自打跟隨賀融伊始,她已抱了背水一戰的心思,將在西突厥的每一日都當成最後一日來度過,後來真定公主與賀融結盟,高氏存在的意義就不大了,她很有自知之明,更不希望自己淪為花瓶一樣的存在,於是總是力所能及為賀融他們默默做著事情。
薛潭在突厥境內四處奔波測繪時,她也跟著去了,女人家心細,她又手巧,也幫著繪製了不少輿圖。
眾人回京之後,高氏的功勞還沒有大到能讓皇帝接見她的地步,也就沒能輪上面聖的機會,後來所有人論功行賞,也獨獨少了她那一份。
因此,高氏心底不是不失落的,但她知道不能怪賀融,這又不是他能做主的。自己雖說也跟著出使西突厥了,可除了一開始接近真定公主,讓她卸下心防之外,也沒有什麼驚天動地的大功勞,世間女子本來就位卑,現在這樣的處境,其實已經算是極好的了。
但她住在魯王府裡,總歸是名不正言不順。
高氏不是沒有注意到旁人的眼光和竊竊私語,連裴氏與賀嘉等人,也已將她當作賀融側妃來對待,雖是另眼相看,卻令她倍覺壓力。
偏偏人家沒有明說,高氏總不能主動提起,顯得自作多情。
她早早就上床歇息,卻在榻上翻來覆去睡不著,聽見外頭侍女小聲詢問,便索性起身。
「高娘子,文姜過來,說三郎君想見你,若是你已歇下,就明兒再說。」
高氏忙道:「我沒睡,這就穿衣,你讓她稍等。」
待她穿戴整齊匆匆跟著文姜去見賀融時,後者正盤腿坐在桌邊喝湯。
見她來了,賀融沒有放下碗,只道:「勞煩你稍等,我喝完這口湯,文姜,給高氏也盛上一碗吧。」
高氏想婉拒,慢了一步,文姜已經出去了,只好默默嚥下還未來得及出口的話。
「你來京城也有一段時日了,自己對今後可有什麼想法?」賀融放下碗,擺出一副促膝長談的架勢。

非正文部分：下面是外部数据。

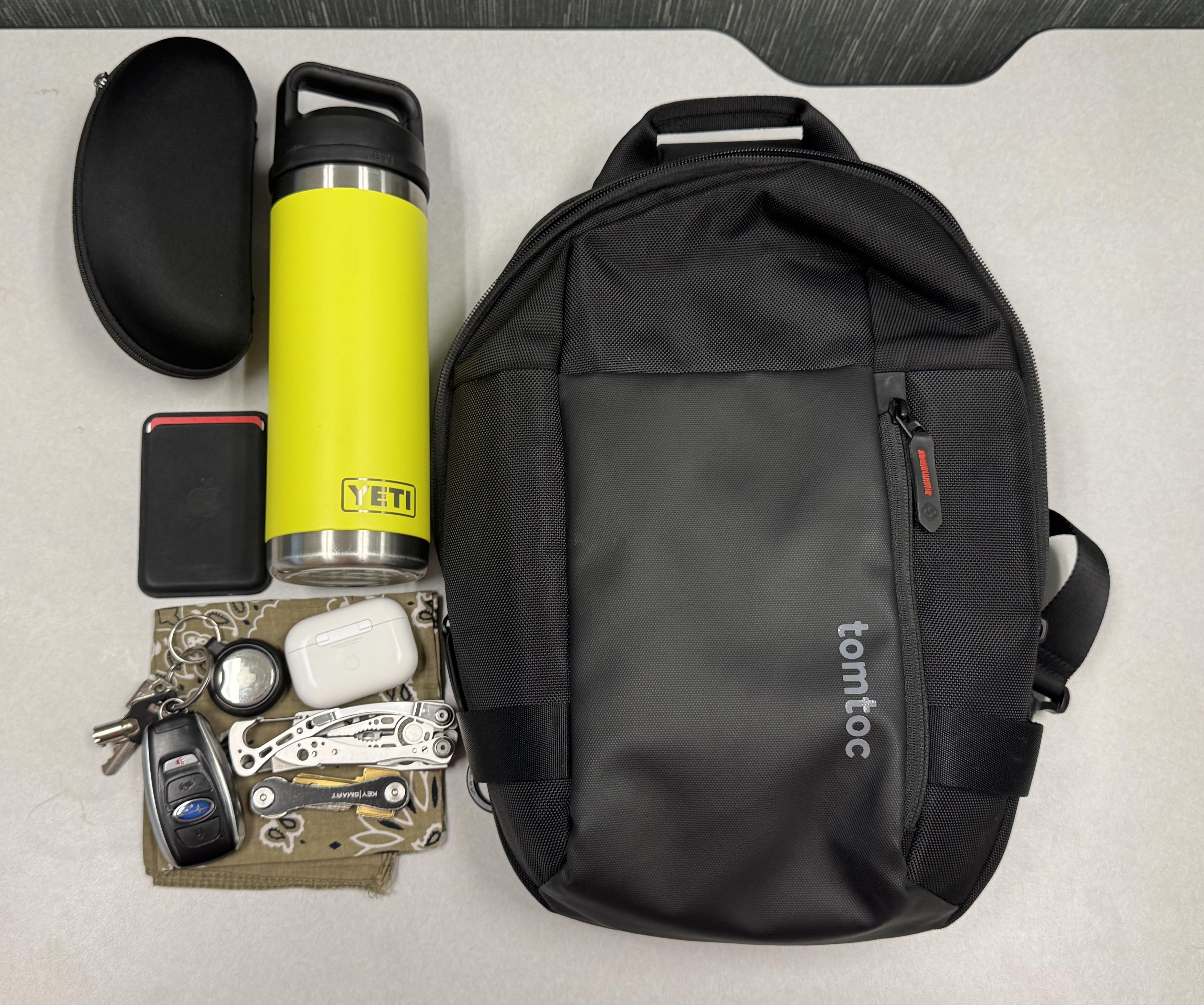 In EDC Friday Office Carry December 5, 2025 My usual Friday carry. Tomtoc sling, Yeti Rambler 18oz, Rx sunglasses, Apple Wallet, AirPod Pro 2, Leatherman Skeletool, car key, Keysmart Classic.Not pictured: Apple iPhone 15 Pro Max.by dolli310 EDC Prev Post Which is right. December 5, 2025 Next Post FET Friday! Testing the long tube on my copperception S2+ mule December 5, 2025 Related Posts Thurplesday January 15, 2026 The Day-to-Day Carry January 15, 2026 Snowmobile 1 Watch 0 January 15, 2026 1 Comment AutoModerator 1 month ago Thank you for posting to r/EDC! Include a detailed item list (make/model) within **1 hour** of submission. Lists can go in the title, a comment, or the image. Posts without lists will be removed. If you have already provided a list, not further action is needed, thanks | [FAQ](https://www.reddit.com/r/EDC/wiki/faq)*I am a bot, and this action was performed automatically. Please [contact the moderators of this subreddit](/message/compose/?to=/r/EDC) if you have any questions or concerns.*Write A CommentYou must be logged in to post a comment.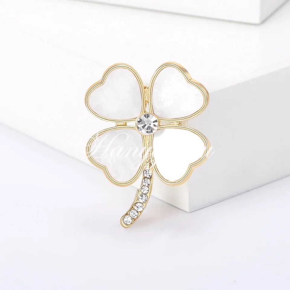 Елегантна брошка “детелина” в бял цвят- код 6429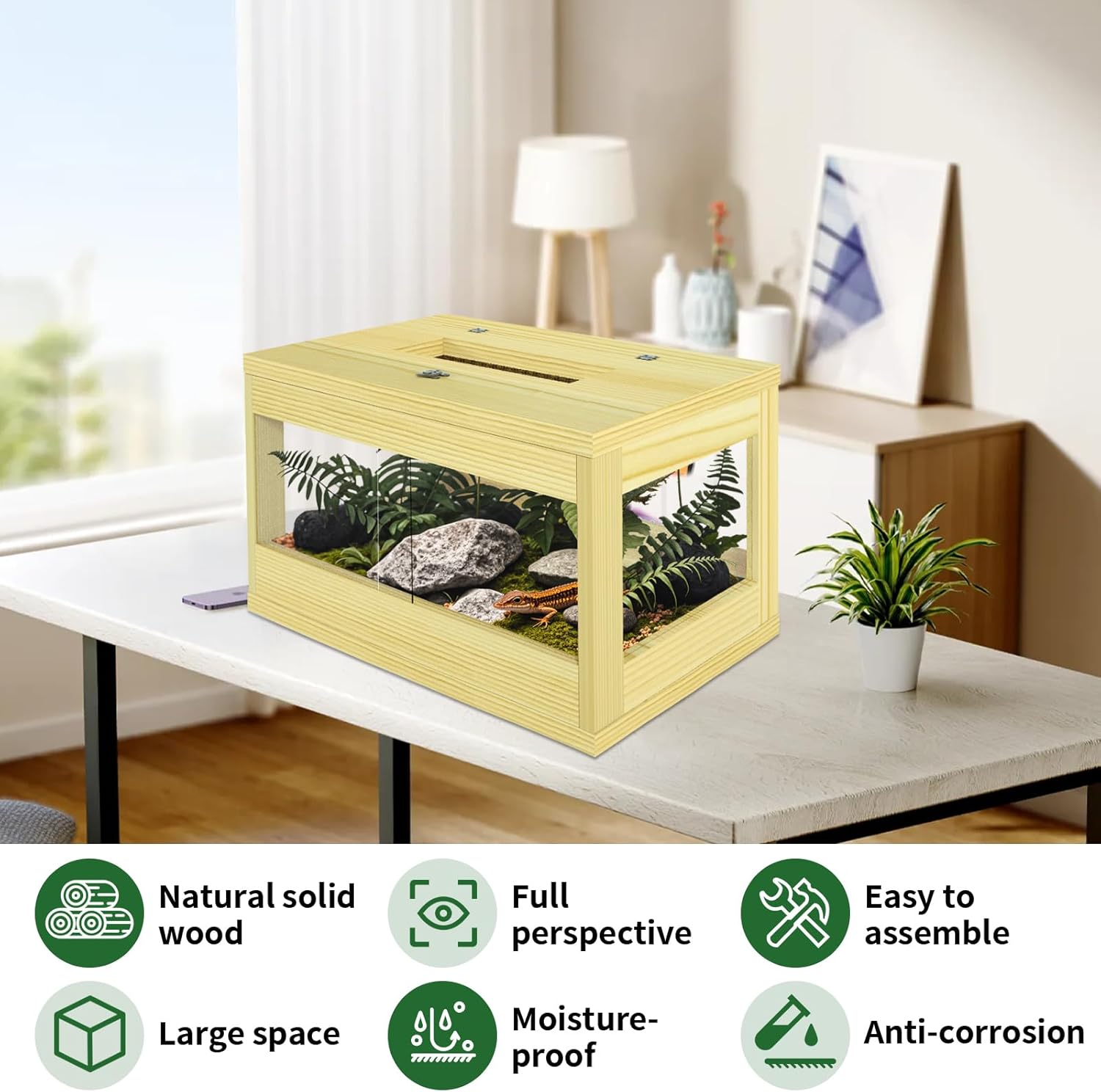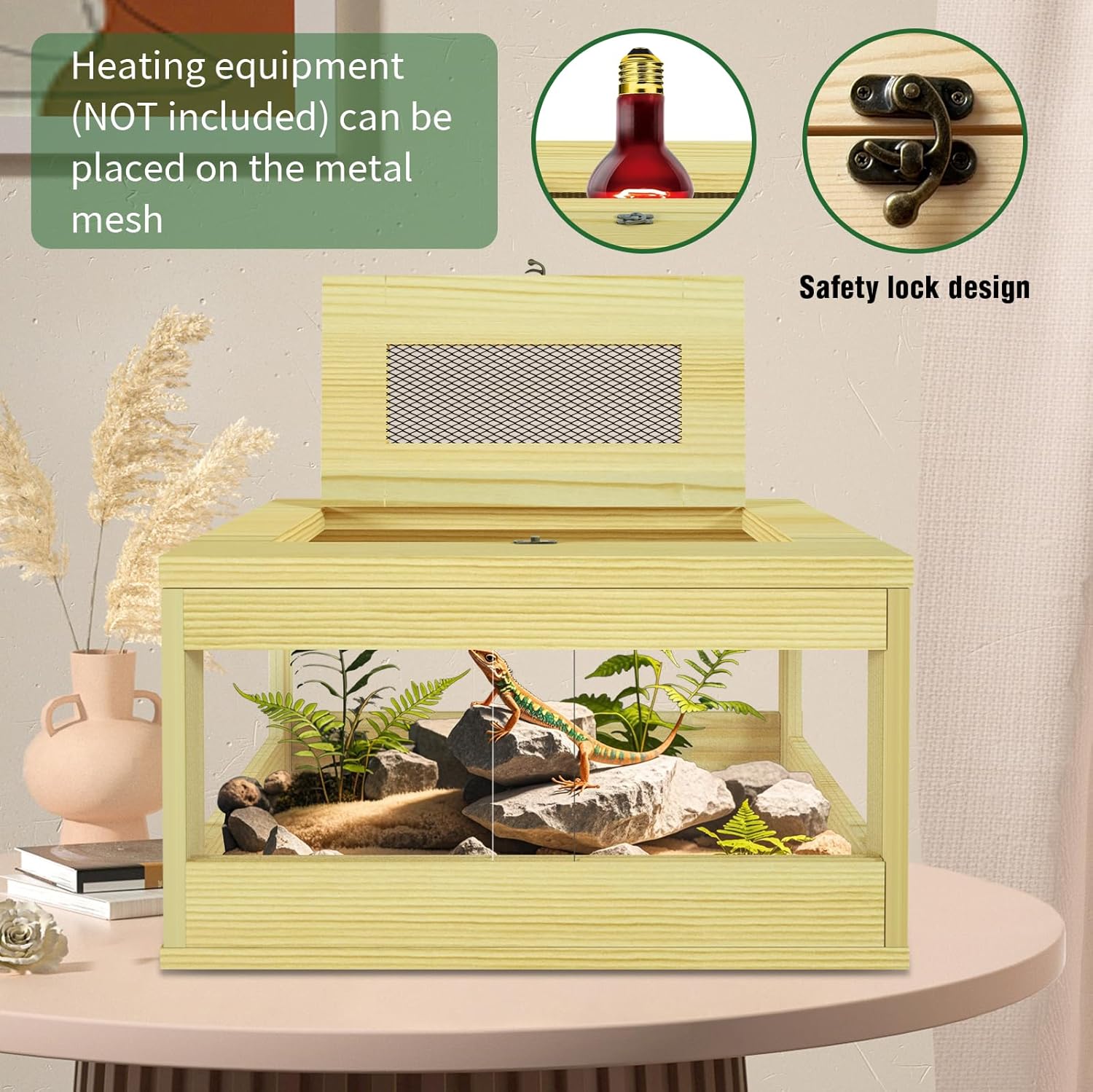Natural Solid Wood: Crafted from solid wood and clear acrylic, the FHNI reptile tank offers durability and elegance. The wooden lizard tank provides excellent insulation and soundproofing, ensuring a stable habitat for leopard geckos, bearded dragons, and snakes

高氏的背不由越發挺直了些,臉上卻流露出一絲遲疑:「我……還未想好。」
賀融:「時下女子,能走的路委實太窄,如真定公主一般,即使天之驕女,遇上國破家亡,同樣身不由己,你曾在張家待過,並非那等天真無知的少女,又與我一道出使西域,你若有什麼盤算,不妨說出來,若是力所能及的,我也伸手幫扶一把。」
高氏內心矛盾交加,左思右想,忽然朝賀融叩首:「妾斗膽向郎君進言,妾……我、我不願與人為婢妾,還請郎君明鑑!」
賀融莫名其妙:「你已從張家出來,又住在魯王府,如今誰還能勉強你為妾?」
高氏面露糾結:「是我多想了……」
賀融明白了:「是不是我父親或王妃給你說了什麼?」
高氏忙道:「二位殿下什麼也沒說,是、是府中下人誤會了郎君帶我回來的舉動。」
賀融沉吟道:「這些日子,我也帶你去見了楊鈞,參觀他經營的鋪子,你是怎麼想的?」
他的問題轉得有些快,高氏心下懷疑郎君是想給她與楊鈞做媒,但仍認真思考回答道:「楊衡玉很有陶朱公之能。」
賀融:「那如果也讓你開上這樣一間鋪子呢,你想做什麼營生?」
高氏不由得一愣。
賀融這才道:「你與我出使西域,臨行前我曾答應過你,回京之後,定會讓你風風光光,但因你是女子,後宮如今又無皇后太后,以致於你連皇宮都沒法進,這是我的失約,對你不住。」
高氏何曾見過身份高貴如賀融這樣的人物,會向一個小女子道歉的,忙要說話,賀融卻擺擺手,繼續說下去。
「先前我曾想為你在陛下面前爭取一個誥封,本朝有制,一品國夫人以下,有二品郡夫人,三品淑人,四品恭人等,原是為勳爵大臣的家眷準備,你既非官員妻子,又非官員母親,論理並無此先例,一品二品,陛下認為恩遇過隆,怎麼也不肯給,最後在我的糾纏下,好歹將四品擢升至三品,封你為三品淑人,從今往後,你也是有誥封在身的人了。」
高氏徹底愣住了,她怔怔望著賀融,完全想象不到他這樣的人,是怎麼去跟皇帝再三「糾纏」,讓皇帝最終改了主意的。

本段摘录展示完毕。